Wherever the line with "升 | 🟨 黃色(易燃液體) |" sits in the listing below, transcribe from it up to and including the line with "See cities like", exactly, and leave the remaining lines out.
===== DATA =====
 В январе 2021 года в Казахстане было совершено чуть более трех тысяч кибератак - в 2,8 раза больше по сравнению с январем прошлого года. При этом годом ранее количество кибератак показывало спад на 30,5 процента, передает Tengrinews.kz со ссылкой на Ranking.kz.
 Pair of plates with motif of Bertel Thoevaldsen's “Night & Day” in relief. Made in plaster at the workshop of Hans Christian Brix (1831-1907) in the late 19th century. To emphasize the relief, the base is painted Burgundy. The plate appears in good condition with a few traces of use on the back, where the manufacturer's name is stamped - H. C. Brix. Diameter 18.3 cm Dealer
=====
===== DATA =====
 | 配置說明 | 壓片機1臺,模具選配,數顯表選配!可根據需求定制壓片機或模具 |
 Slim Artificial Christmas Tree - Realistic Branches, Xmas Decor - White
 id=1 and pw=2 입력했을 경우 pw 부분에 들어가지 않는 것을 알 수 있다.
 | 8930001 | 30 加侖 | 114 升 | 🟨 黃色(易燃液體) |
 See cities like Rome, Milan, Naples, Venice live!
=====
* _REPLY TO THE TASK_:
 | 8930001 | 30 加侖 | 114 升 | 🟨 黃色(易燃液體) |
 See cities like Rome, Milan, Naples, Venice live!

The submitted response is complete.